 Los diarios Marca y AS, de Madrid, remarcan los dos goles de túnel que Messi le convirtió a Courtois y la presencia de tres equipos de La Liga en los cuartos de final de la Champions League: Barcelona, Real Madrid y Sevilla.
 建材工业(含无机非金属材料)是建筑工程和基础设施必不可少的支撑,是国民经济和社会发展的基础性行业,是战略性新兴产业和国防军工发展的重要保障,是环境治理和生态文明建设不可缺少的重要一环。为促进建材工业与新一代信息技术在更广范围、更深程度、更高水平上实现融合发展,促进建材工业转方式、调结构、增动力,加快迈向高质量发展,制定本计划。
====================
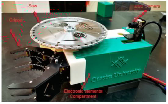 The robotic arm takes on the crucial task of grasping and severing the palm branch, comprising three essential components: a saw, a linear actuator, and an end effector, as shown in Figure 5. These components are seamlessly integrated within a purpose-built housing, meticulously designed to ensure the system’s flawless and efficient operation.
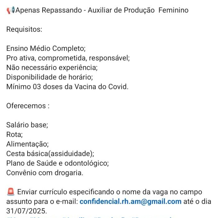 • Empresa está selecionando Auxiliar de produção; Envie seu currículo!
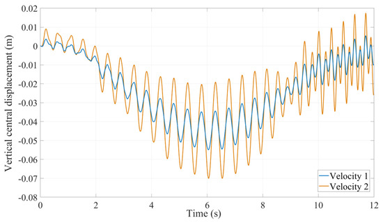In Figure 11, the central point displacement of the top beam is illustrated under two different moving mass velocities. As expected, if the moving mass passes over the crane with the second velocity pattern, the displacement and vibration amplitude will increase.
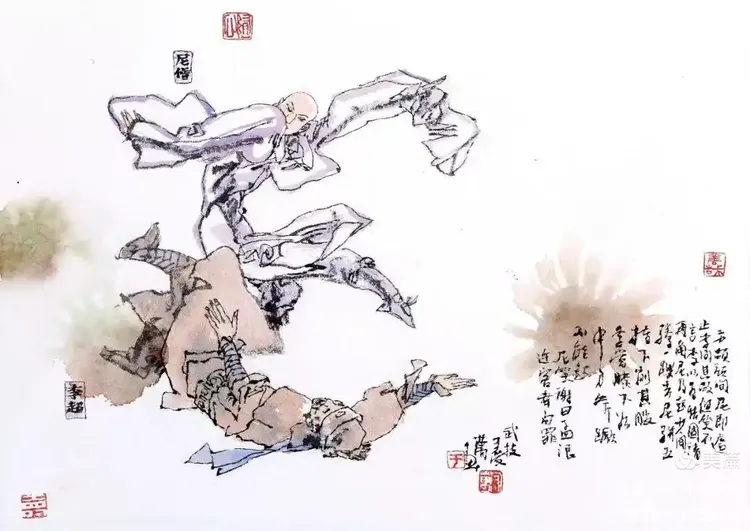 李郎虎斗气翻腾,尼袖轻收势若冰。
====================
* [TASK DETAILS]: Reproduce exactly the entries above, limited to the lines from the one with "Los diarios Marca" through the one with "建材工业(含无机非金属材料)", both included.

* [WORKED SOLUTION]:
 Los diarios Marca y AS, de Madrid, remarcan los dos goles de túnel que Messi le convirtió a Courtois y la presencia de tres equipos de La Liga en los cuartos de final de la Champions League: Barcelona, Real Madrid y Sevilla.
 建材工业(含无机非金属材料)是建筑工程和基础设施必不可少的支撑,是国民经济和社会发展的基础性行业,是战略性新兴产业和国防军工发展的重要保障,是环境治理和生态文明建设不可缺少的重要一环。为促进建材工业与新一代信息技术在更广范围、更深程度、更高水平上实现融合发展,促进建材工业转方式、调结构、增动力,加快迈向高质量发展,制定本计划。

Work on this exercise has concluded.